▼▼▼
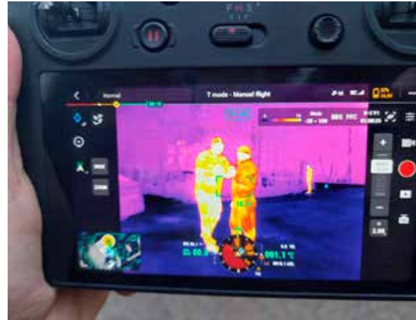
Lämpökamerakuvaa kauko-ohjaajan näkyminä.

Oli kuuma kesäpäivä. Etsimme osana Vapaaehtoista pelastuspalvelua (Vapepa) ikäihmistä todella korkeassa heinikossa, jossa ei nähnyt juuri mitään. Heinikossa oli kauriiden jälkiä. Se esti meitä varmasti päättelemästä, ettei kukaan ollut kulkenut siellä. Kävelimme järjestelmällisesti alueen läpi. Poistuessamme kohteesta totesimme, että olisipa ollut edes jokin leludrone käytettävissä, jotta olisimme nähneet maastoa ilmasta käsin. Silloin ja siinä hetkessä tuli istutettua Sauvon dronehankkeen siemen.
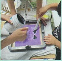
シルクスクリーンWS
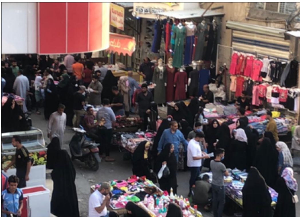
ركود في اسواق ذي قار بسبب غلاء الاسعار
▲▲▲
▼▼▼
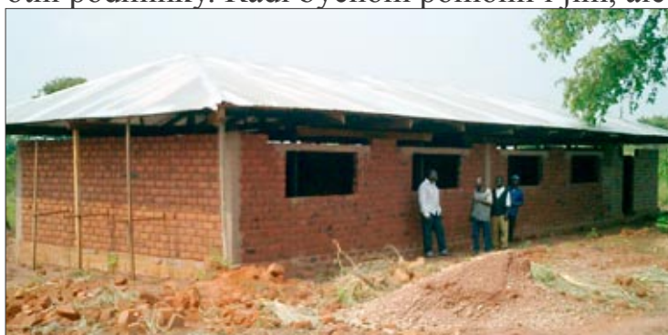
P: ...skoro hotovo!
▲▲▲
The lines to reproduce run from the one above containing "Lämpökamerakuvaa kauko-ohjaajan näkyminä." through the one containing "ركود في اسواق ذي قار بسبب غلاء الاسعار". Copy them exactly and leave out all pictures.

• **Answer area**
Lämpökamerakuvaa kauko-ohjaajan näkyminä.

Oli kuuma kesäpäivä. Etsimme osana Vapaaehtoista pelastuspalvelua (Vapepa) ikäihmistä todella korkeassa heinikossa, jossa ei nähnyt juuri mitään. Heinikossa oli kauriiden jälkiä. Se esti meitä varmasti päättelemästä, ettei kukaan ollut kulkenut siellä. Kävelimme järjestelmällisesti alueen läpi. Poistuessamme kohteesta totesimme, että olisipa ollut edes jokin leludrone käytettävissä, jotta olisimme nähneet maastoa ilmasta käsin. Silloin ja siinä hetkessä tuli istutettua Sauvon dronehankkeen siemen.
シルクスクリーンWS
ركود في اسواق ذي قار بسبب غلاء الاسعار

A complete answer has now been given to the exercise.